New approaches are needed to generate and maintain stable and mature adult liver cells ex vivo. In the April issue of Gastroenterology, Bart Spee and colleagues review factors that promote hepatocyte differentiation and maturation, and consider criteria for establishing whether cells derived from stem cells are fully mature hepatocytes. They discuss challenges to cell transplantation and future technologies for use in hepatic stem cell maturation, including 3-dimensional biofabrication and genome modification.
The only effective treatment for patients with end-stage liver disease is organ transplantation, but there are not enough donors. Primary hepatocytes are a resource for liver cell transplantation and bioartificial liver devices, but the complexity of the maturation process, instability of cultured hepatocytes, and inconsistent protocols limit their application.
The review by Spee and colleagues discusses hepatocyte functions, development, and cell types and in vitro techniques for generating a potential alternative to hepatocytes, called hepatocyte-like cells (HLCs). They review cell sources for hepatocyte generation, including induced PSCs (iPSCs), mesenchymal stromal or stem cells (MSCs), hepatic progenitor/stem cells (HPCs).
However, liver maturation is a complex process. The authors review the mechanisms by which the developing liver is affected by changes in the circulation, microbiome, and nutrition. Increasing our understanding of these changes might provide information needed to develop more efficient in vitro liver maturation methods.
Mature hepatocytes do not proliferate rapidly, posing challenges to their in vitro generation. Spee and colleagues review factors that regulate hepatocyte differentiation and maturation, such as growth factors, transcription factors, microRNAs, small molecules, and the extracellular matrix microenvironment (see figure).

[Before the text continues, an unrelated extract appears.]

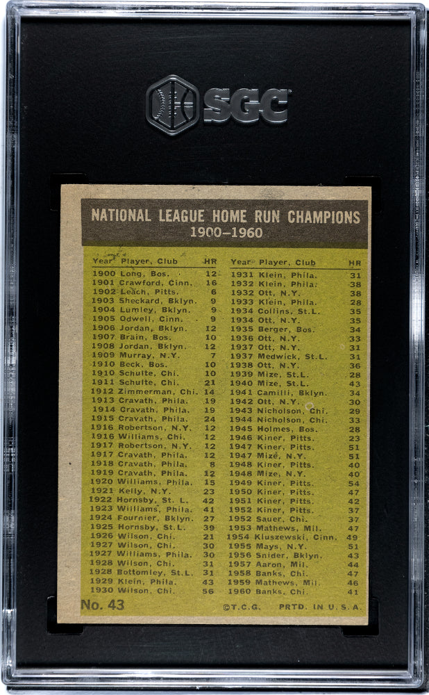 1961 Topps N. L. Home Run Leaders Hank Aaron Ernie Banks Mathews Boyer #43 SGC 4
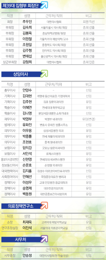 대한의사협회(회장 추무진)는 내달 1일부터 3년의 임기가 새롭게 시작되는 제39대 의협 집행부 임원 명단을 확정하여 발표했다.

The review lists the structural, metabolic, and functional features that define mature human hepatocytes. The authors state that these should all be considered during generation and maturation of human HLCs; freshly isolated primary human hepatocytes should always be used as the standard for comparison.
Spee and colleagues discuss the potential for cell therapies for patients with acute liver failure and inborn errors of hepatic metabolism, reviewing challenges and findings from studies in mice, and different mouse models of liver disease and repopulation. The also explain future possibilities, such as 3D bioprinting of whole livers and CRISPR/Cas9 systems for controlling human PSC differentiation into endodermal lineages.